> Material for the task:
......

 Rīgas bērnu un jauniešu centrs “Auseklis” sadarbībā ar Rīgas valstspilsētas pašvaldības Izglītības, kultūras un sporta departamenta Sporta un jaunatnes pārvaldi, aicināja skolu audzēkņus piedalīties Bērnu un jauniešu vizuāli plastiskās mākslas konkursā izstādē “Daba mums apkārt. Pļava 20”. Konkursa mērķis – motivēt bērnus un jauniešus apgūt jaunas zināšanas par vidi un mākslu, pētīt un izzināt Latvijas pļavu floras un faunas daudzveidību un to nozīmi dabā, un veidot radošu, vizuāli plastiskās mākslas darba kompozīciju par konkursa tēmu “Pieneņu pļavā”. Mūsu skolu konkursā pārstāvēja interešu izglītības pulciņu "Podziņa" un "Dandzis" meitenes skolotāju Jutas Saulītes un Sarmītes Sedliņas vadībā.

......

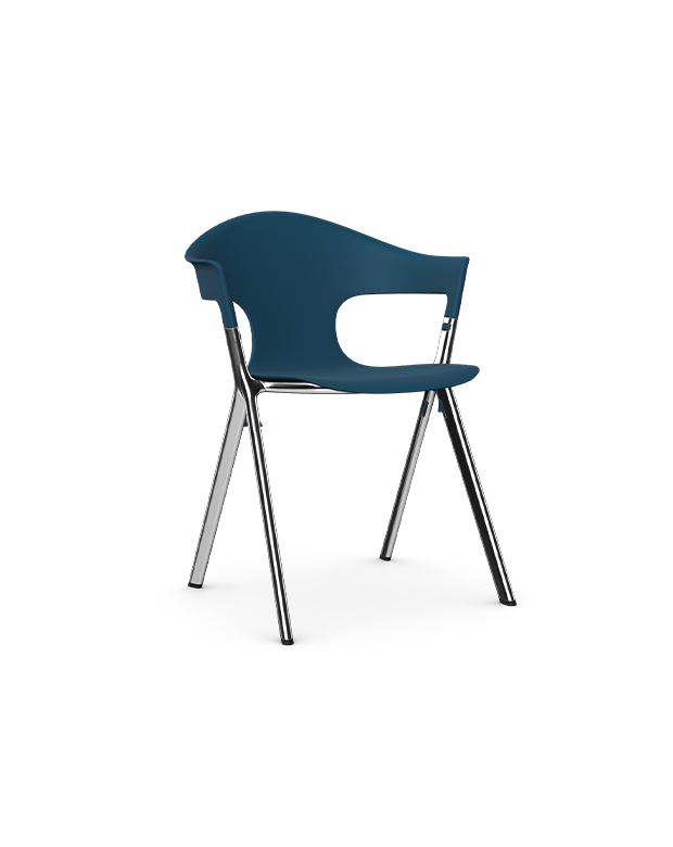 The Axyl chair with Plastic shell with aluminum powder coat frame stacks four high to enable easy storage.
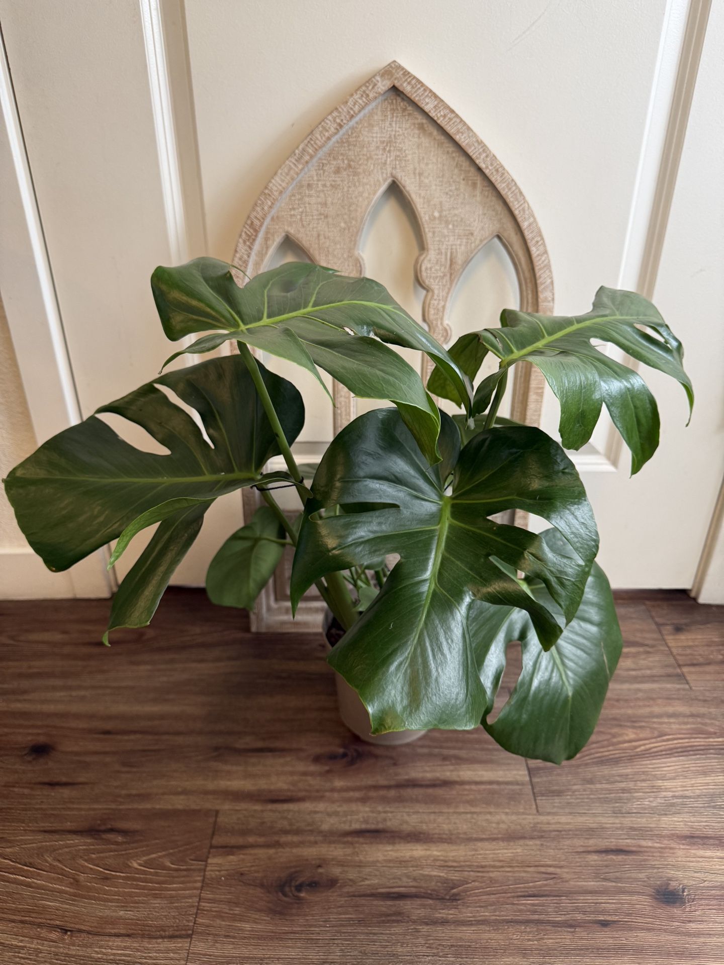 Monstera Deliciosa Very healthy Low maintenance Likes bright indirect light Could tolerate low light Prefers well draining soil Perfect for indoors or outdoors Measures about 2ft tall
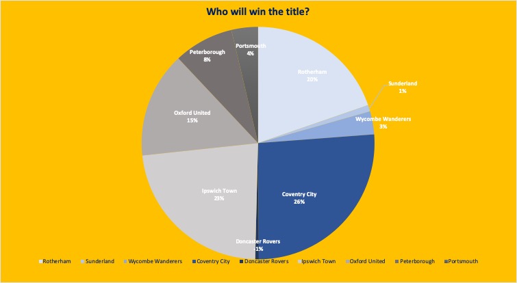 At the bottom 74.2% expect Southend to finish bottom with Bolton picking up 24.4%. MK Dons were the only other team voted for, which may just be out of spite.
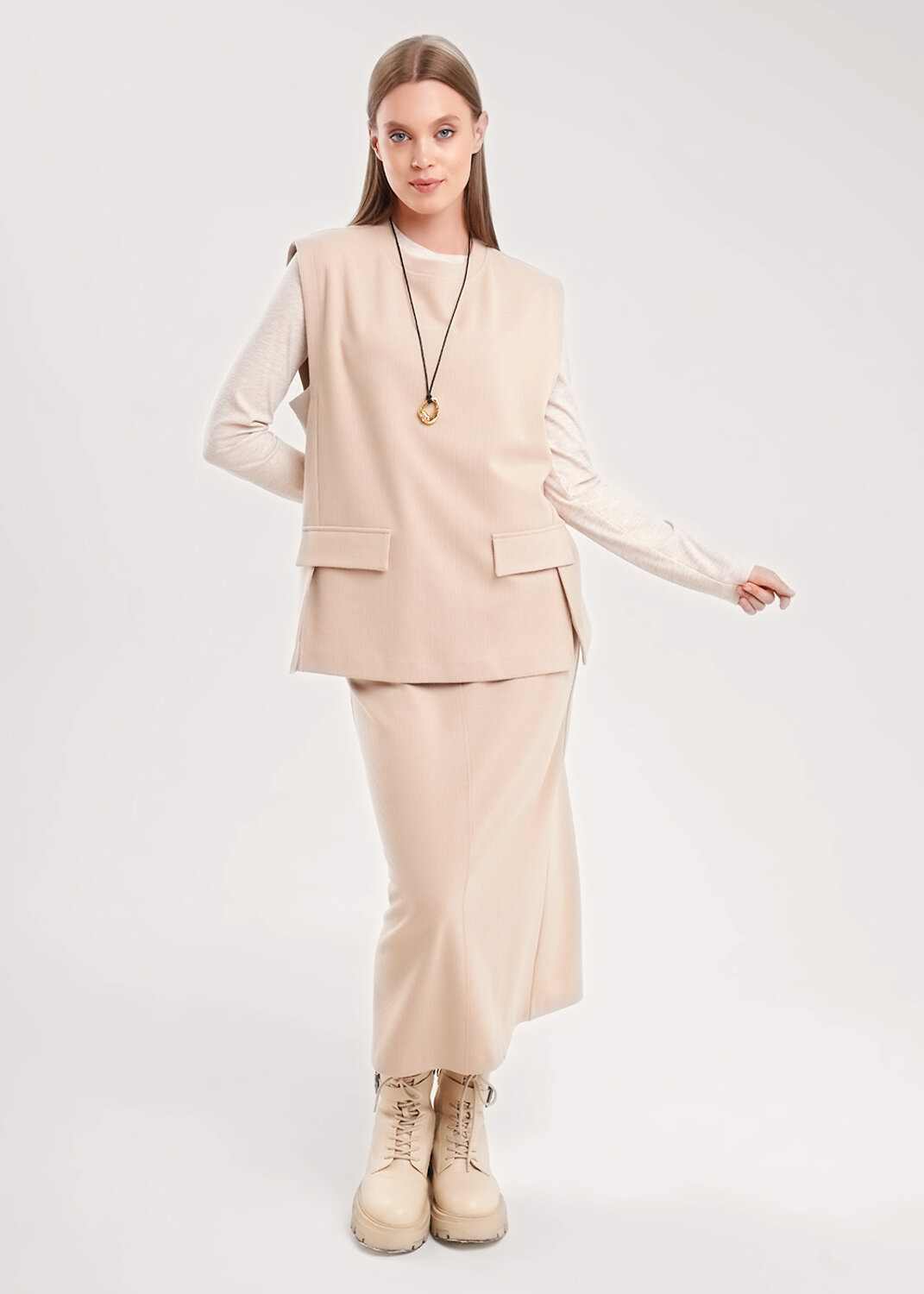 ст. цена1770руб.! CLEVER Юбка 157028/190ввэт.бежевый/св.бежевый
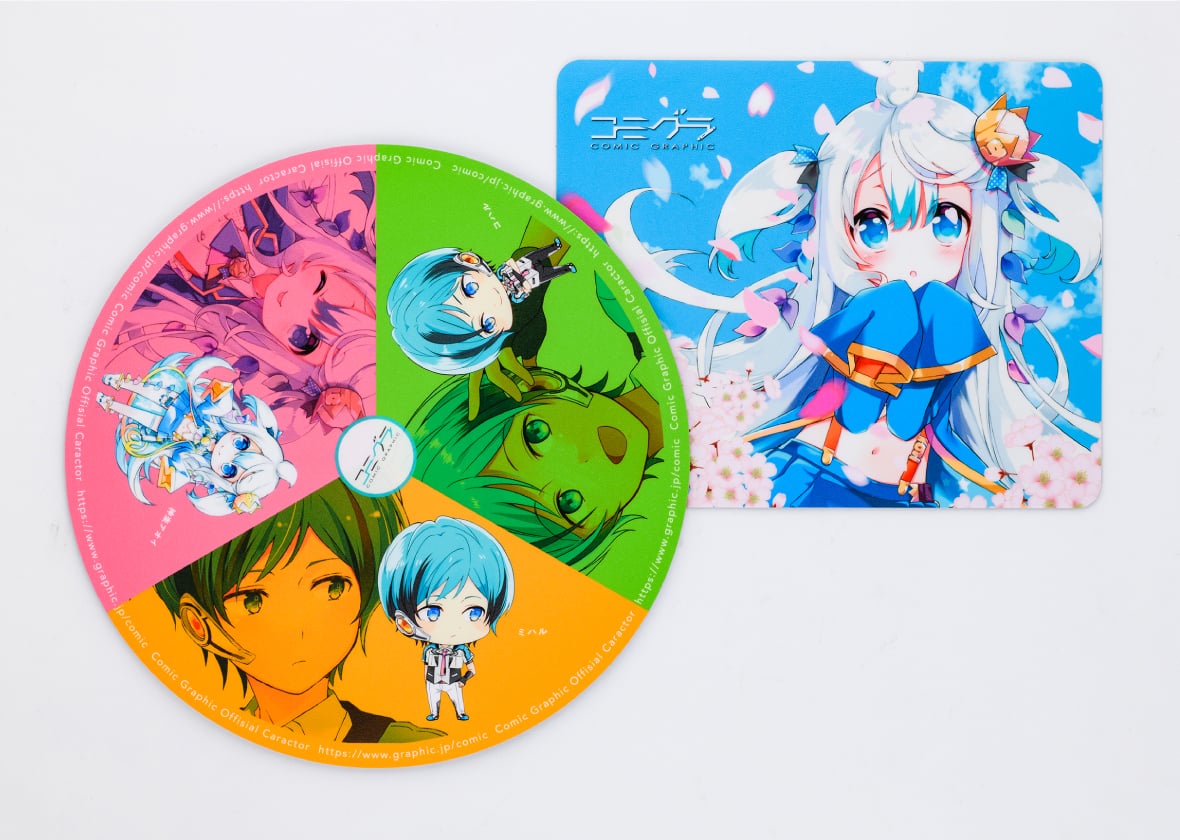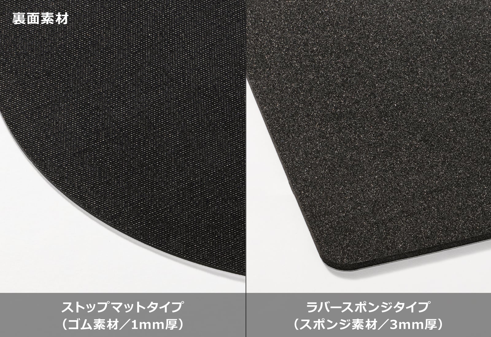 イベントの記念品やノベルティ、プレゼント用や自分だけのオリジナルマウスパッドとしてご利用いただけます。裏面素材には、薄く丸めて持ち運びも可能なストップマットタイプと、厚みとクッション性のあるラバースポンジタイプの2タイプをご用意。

......

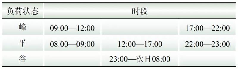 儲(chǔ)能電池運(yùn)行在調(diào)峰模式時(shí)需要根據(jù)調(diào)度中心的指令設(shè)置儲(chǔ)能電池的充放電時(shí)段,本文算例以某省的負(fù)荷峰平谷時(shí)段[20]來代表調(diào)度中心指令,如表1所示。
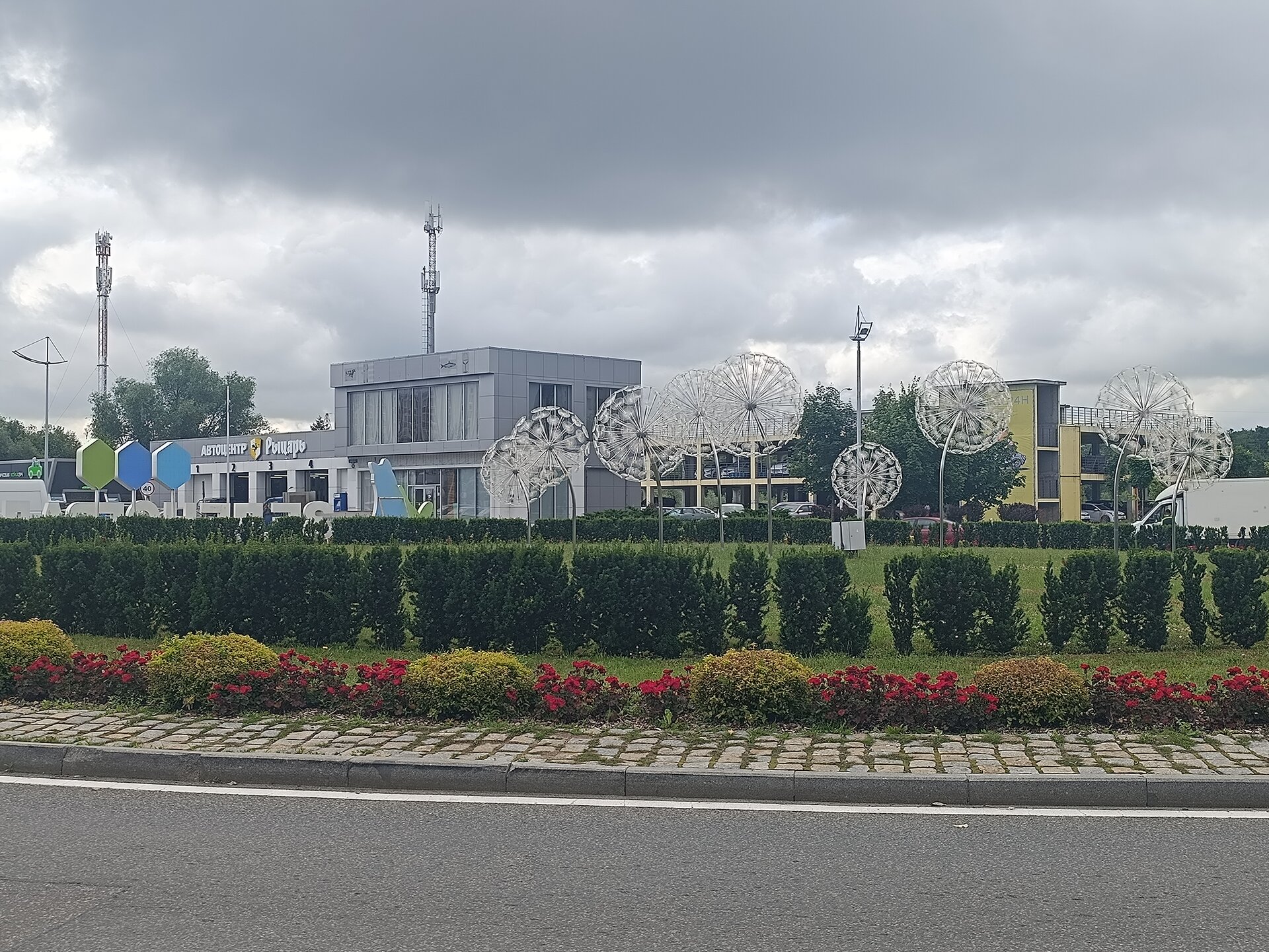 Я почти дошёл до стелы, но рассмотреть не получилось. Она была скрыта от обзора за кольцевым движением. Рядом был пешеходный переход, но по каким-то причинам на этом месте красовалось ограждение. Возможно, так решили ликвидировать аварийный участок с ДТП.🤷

......

> What needs to be done:
Would you write out exactly the lines above, starting at the line containing "At the bottom" and stopping after the line containing "ст. цена1770руб.! CLEVER"? Omit the pictures.

> Response to the exercise:
 At the bottom 74.2% expect Southend to finish bottom with Bolton picking up 24.4%. MK Dons were the only other team voted for, which may just be out of spite.
 ст. цена1770руб.! CLEVER Юбка 157028/190ввэт.бежевый/св.бежевый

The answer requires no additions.